Another friend, whom I used as model for Clara in my mystery Hour of the Hawk  https://www.joycehowe.com has reached the august age of 89. She lives alone in her own house and some chores are getting to be too much for her. (She is still an excellent sleuth of course.) Fortunately, she has a handy daughter-in-law who is happy to pitch in.

I myself have a handy cleaning woman, daughter-in-law being neither handy nor happy.

You see Divine Pancake Maker, I’m valuable for snark alone. (Oh, you don’t do snark!)

So here we are, we 82-year-olds who remember the Second World War, who were taught to read by Dick and Jane, who had to do long division by hand and memorize hundreds of lines of poetry, some of which we can still recite. (This was important in case we got trapped for days deep in a coal mine.) Not all of you have been as lucky as me.
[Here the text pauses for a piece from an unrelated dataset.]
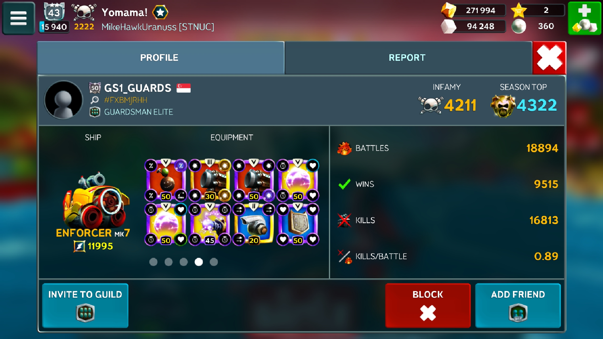 It's right there in front of your face and you have to mix my gs on my ships up so you can still be right. I only played first few as a shooter and switched to defender since it can take more hits. All the screens I took are with my 8 k gs defender. Smh

My first car ride was in a Model A Ford. But most of you can remember when 5 wire coat hangers could hold your entire wardrobe. I hesitate to say we are a dying breed.

Imagine, you young’uns, what a miracle it is for us to fly across the continent in half a day, to share thoughts instantly with others and, not only, talk to them but see them as we talk – my brother going out the dutch door of his house to sit on the bench in Bois Fort (Brussels) to smoke.
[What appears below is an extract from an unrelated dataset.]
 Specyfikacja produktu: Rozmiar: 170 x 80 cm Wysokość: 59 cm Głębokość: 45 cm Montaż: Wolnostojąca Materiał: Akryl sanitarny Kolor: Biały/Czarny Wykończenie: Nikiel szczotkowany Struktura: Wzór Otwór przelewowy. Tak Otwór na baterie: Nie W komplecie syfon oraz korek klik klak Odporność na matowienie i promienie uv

Brother et moi on a bench in Bois Fort

Were you born in 1936 or do you love someone who was, please comment, say something to keep us 1936ers hanging on to our perch.

Blake still perching

‘Am I in your book?” – The Worst Kind of Thief

The mountain village of PMC in Kern County California, which served as the prototype for Bear Mountain Place.

Awake, I lack imagination. Asleep, I dream whole new worlds. Unfortunately, I do my writing awake. And so, I identify with Sheryl Crowe’s ‘worst kind of thief’.
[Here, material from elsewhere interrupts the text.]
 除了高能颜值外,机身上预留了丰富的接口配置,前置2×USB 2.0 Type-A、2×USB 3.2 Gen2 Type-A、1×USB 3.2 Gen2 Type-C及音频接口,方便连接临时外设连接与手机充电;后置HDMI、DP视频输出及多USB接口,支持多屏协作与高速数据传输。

In her song, The Book, Sheryl Crowe (from her 1996 self-titled album) sings that she read the book and discovered she knew that girl in it ‘a little too well’. She’ll always remember three days in Rome. She got “written down, sliced around, passed down among strangers’ hands”. She ‘laid her heart out, laid her soul down’. She learned that ‘the love you once made/can’t be undone’. ‘Will I get revenge?’ Well yes. By writing this song.

I longed to find proof that this was autobiographical. It seems too heartfelt to be fiction. But I didn’t.

Why do I care? I “carry a pen and a paper” and “no words I waste”.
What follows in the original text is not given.